» Source data:
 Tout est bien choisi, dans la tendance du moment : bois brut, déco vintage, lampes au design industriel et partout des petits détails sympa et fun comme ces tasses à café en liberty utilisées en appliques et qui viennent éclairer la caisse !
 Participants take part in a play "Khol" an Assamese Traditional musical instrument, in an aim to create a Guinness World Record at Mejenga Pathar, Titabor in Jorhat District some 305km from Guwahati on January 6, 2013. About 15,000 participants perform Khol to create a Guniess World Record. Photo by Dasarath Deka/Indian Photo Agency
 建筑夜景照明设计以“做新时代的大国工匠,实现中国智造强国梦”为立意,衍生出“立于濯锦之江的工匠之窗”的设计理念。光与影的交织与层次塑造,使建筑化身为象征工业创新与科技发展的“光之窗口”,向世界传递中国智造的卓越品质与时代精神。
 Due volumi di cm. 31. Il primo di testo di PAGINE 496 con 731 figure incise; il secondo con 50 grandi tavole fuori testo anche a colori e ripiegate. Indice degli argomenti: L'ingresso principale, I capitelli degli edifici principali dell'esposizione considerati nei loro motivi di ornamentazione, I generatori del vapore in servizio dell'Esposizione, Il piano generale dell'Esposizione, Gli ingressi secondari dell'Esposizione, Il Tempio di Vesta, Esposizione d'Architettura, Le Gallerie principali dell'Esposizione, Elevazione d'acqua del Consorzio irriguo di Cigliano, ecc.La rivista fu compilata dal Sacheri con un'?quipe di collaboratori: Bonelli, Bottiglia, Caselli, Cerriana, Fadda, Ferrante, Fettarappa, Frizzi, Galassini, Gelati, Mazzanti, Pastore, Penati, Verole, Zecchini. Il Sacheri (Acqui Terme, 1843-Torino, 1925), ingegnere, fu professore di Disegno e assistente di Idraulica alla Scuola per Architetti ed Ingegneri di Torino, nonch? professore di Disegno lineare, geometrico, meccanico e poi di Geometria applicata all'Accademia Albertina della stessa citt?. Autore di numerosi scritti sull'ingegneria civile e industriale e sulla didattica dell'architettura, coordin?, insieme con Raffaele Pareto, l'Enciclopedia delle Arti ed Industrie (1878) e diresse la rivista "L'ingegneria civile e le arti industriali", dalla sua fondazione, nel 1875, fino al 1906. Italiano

» What is being asked:
Copy out the material word for word and line for line.

» Answer to the problem:
 Tout est bien choisi, dans la tendance du moment : bois brut, déco vintage, lampes au design industriel et partout des petits détails sympa et fun comme ces tasses à café en liberty utilisées en appliques et qui viennent éclairer la caisse !
 Participants take part in a play "Khol" an Assamese Traditional musical instrument, in an aim to create a Guinness World Record at Mejenga Pathar, Titabor in Jorhat District some 305km from Guwahati on January 6, 2013. About 15,000 participants perform Khol to create a Guniess World Record. Photo by Dasarath Deka/Indian Photo Agency
 建筑夜景照明设计以“做新时代的大国工匠,实现中国智造强国梦”为立意,衍生出“立于濯锦之江的工匠之窗”的设计理念。光与影的交织与层次塑造,使建筑化身为象征工业创新与科技发展的“光之窗口”,向世界传递中国智造的卓越品质与时代精神。
 Due volumi di cm. 31. Il primo di testo di PAGINE 496 con 731 figure incise; il secondo con 50 grandi tavole fuori testo anche a colori e ripiegate. Indice degli argomenti: L'ingresso principale, I capitelli degli edifici principali dell'esposizione considerati nei loro motivi di ornamentazione, I generatori del vapore in servizio dell'Esposizione, Il piano generale dell'Esposizione, Gli ingressi secondari dell'Esposizione, Il Tempio di Vesta, Esposizione d'Architettura, Le Gallerie principali dell'Esposizione, Elevazione d'acqua del Consorzio irriguo di Cigliano, ecc.La rivista fu compilata dal Sacheri con un'?quipe di collaboratori: Bonelli, Bottiglia, Caselli, Cerriana, Fadda, Ferrante, Fettarappa, Frizzi, Galassini, Gelati, Mazzanti, Pastore, Penati, Verole, Zecchini. Il Sacheri (Acqui Terme, 1843-Torino, 1925), ingegnere, fu professore di Disegno e assistente di Idraulica alla Scuola per Architetti ed Ingegneri di Torino, nonch? professore di Disegno lineare, geometrico, meccanico e poi di Geometria applicata all'Accademia Albertina della stessa citt?. Autore di numerosi scritti sull'ingegneria civile e industriale e sulla didattica dell'architettura, coordin?, insieme con Raffaele Pareto, l'Enciclopedia delle Arti ed Industrie (1878) e diresse la rivista "L'ingegneria civile e le arti industriali", dalla sua fondazione, nel 1875, fino al 1906. Italiano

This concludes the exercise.